- Opening Delimiter -
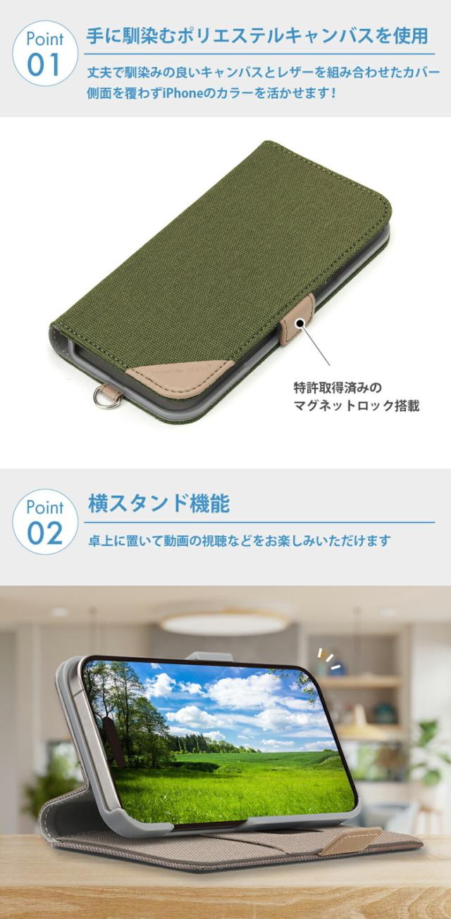カジュアルでお洒落なキャンバス生地は、シンプルなiPhoneのデザインとぴったりマッチします。
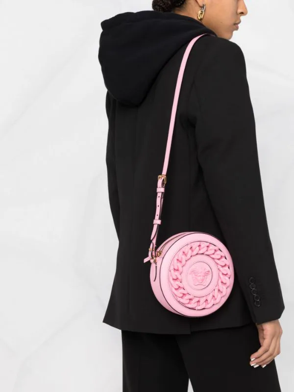 Motif Medusa, détail de chaîne oversize, fermeture zippée sur le dessus, compartiment principal, poche intérieure plaquée, bride porté épaule détachable et ajustable. Matière : cuir de veau.
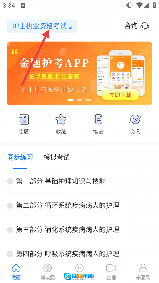 点击顶部的【护士执业资格考试】板块,进入【选择专业】界面,完成考试项目的切换操作。
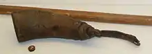 Oil Jar in cow horn for mosquito-repelling pitch oil, a by-product of the distillation of wood tar. Carried in a leather strap on a belt. Råneå, Norrbotten, since 1921 in Nordiska museet, Stockholm.[32]
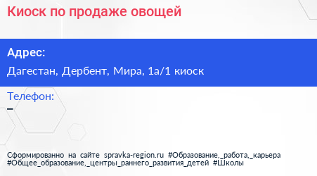Киоск по продаже овощей по адресу Дагестан, Дербент, Мира, 1а/1 киоск в дальнейшем Организация, размещена в следующих категориях:
- Closing Delimiter -
▶ **TASK PROMPT**: Each line from the first line of the entries through the line containing "Motif Medusa, détail" should be duplicated word for word, and nothing more; the pictures stay out.

▶ **RESPONSE FOR THIS EXERCISE**:
カジュアルでお洒落なキャンバス生地は、シンプルなiPhoneのデザインとぴったりマッチします。
 Motif Medusa, détail de chaîne oversize, fermeture zippée sur le dessus, compartiment principal, poche intérieure plaquée, bride porté épaule détachable et ajustable. Matière : cuir de veau.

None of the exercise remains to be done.